## TASK GOAL
From the line containing "Stunning Danish Modern" to the line containing "Гладкий формованный бюстгальтер" in the entries below, reproduce every line exactly, ends included. Nothing else belongs in the copy, and no pictures.

## ENTRIES SHOWN
####
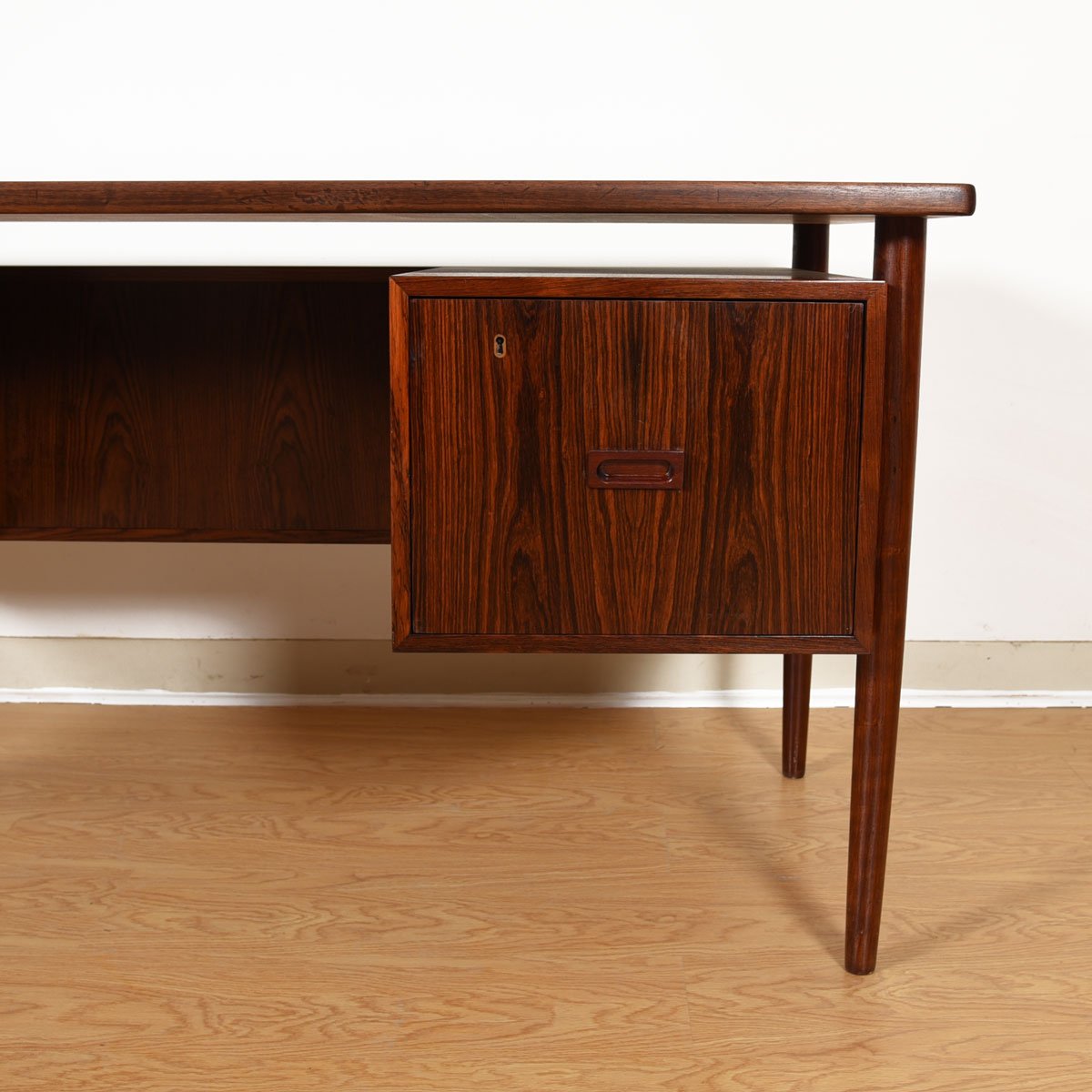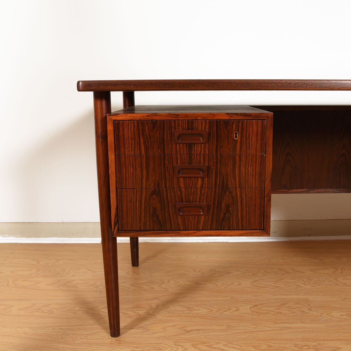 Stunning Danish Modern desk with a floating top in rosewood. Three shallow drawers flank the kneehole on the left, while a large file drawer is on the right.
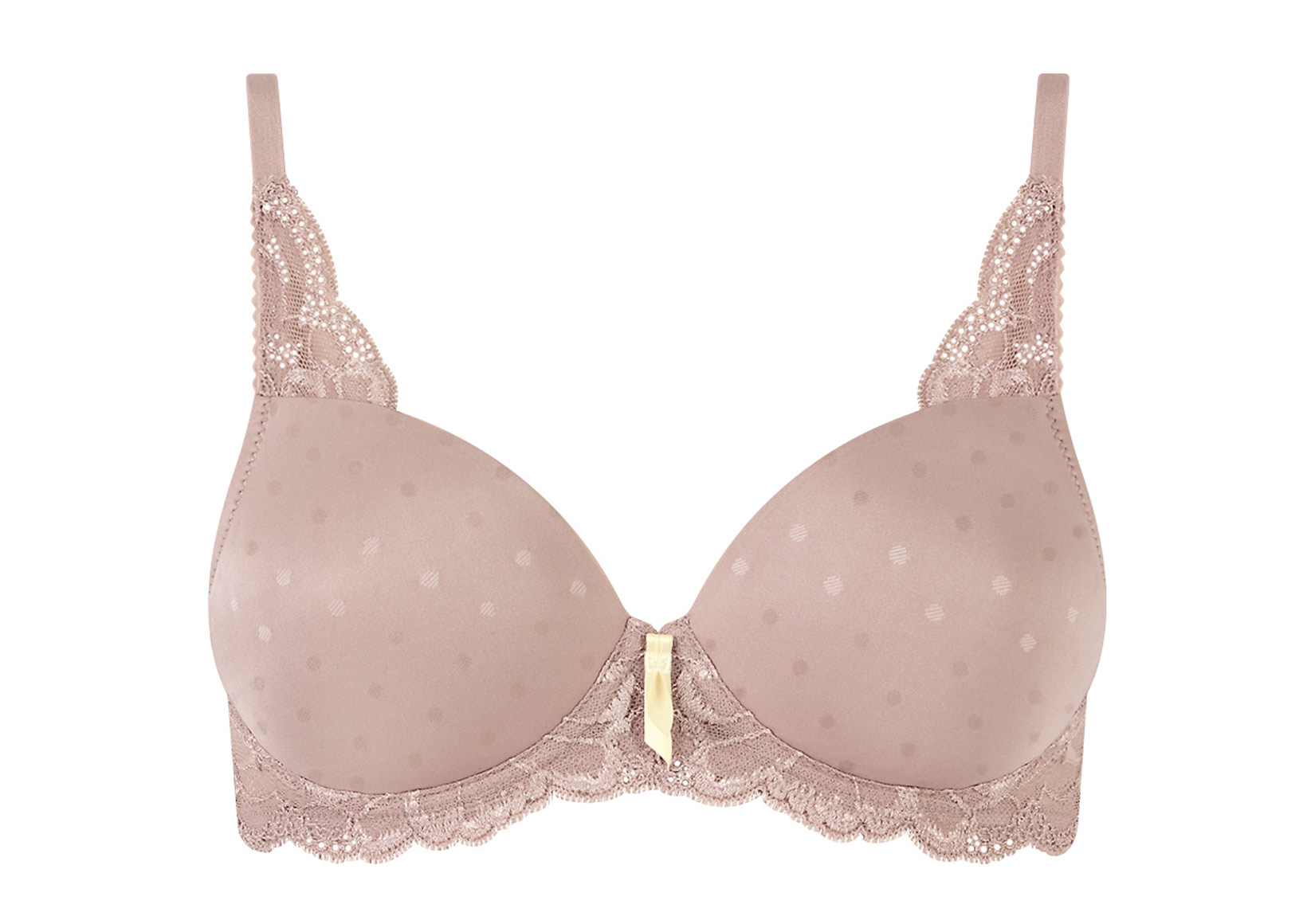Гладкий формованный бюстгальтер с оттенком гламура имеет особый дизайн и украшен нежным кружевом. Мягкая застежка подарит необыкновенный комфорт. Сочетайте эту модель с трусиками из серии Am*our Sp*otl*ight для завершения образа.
####
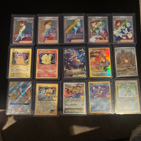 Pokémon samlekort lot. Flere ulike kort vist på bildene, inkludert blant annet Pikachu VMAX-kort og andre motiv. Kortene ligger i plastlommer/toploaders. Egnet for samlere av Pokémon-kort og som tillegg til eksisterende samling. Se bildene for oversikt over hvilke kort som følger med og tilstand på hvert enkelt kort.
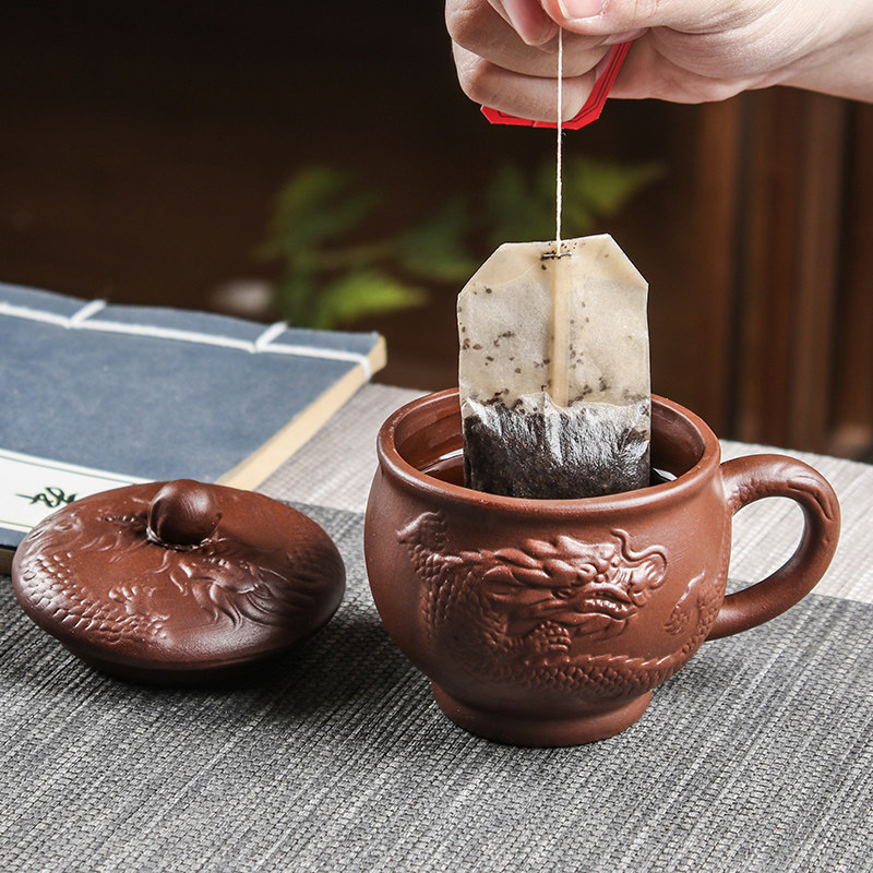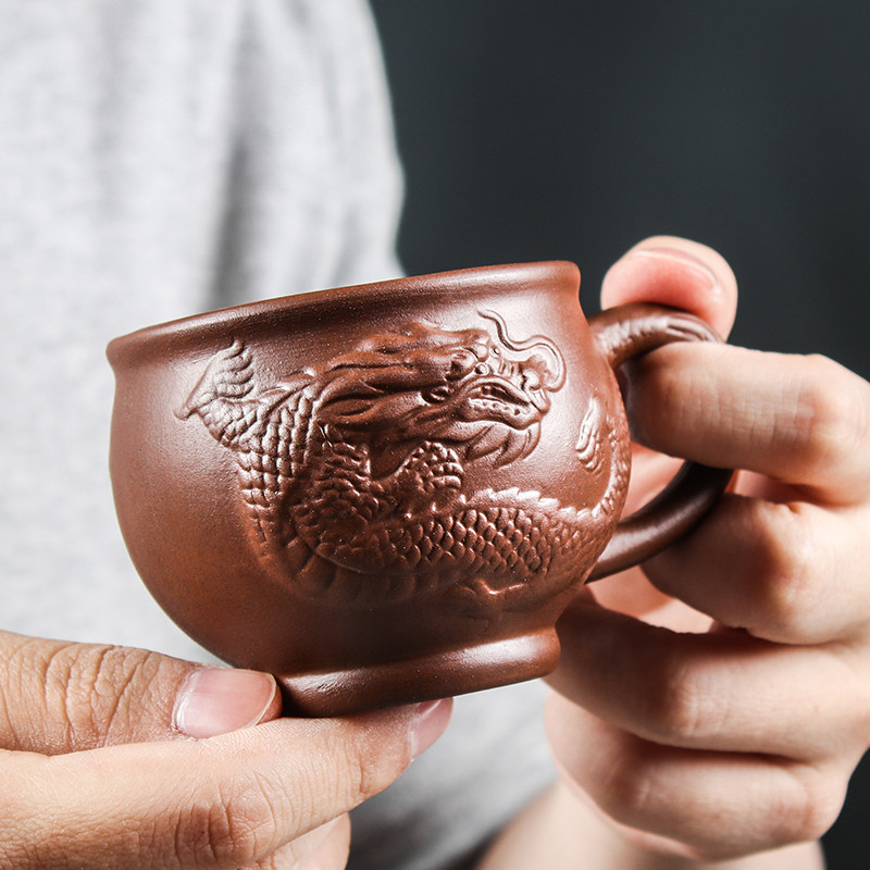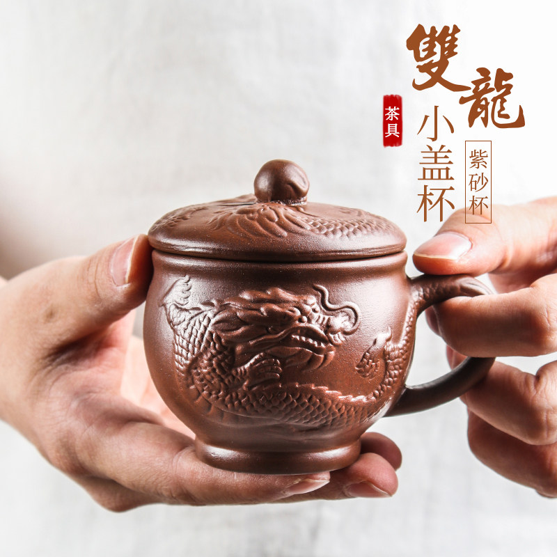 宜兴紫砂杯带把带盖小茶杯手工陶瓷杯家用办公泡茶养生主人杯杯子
####
## REPLY
 Stunning Danish Modern desk with a floating top in rosewood. Three shallow drawers flank the kneehole on the left, while a large file drawer is on the right.
Гладкий формованный бюстгальтер с оттенком гламура имеет особый дизайн и украшен нежным кружевом. Мягкая застежка подарит необыкновенный комфорт. Сочетайте эту модель с трусиками из серии Am*our Sp*otl*ight для завершения образа.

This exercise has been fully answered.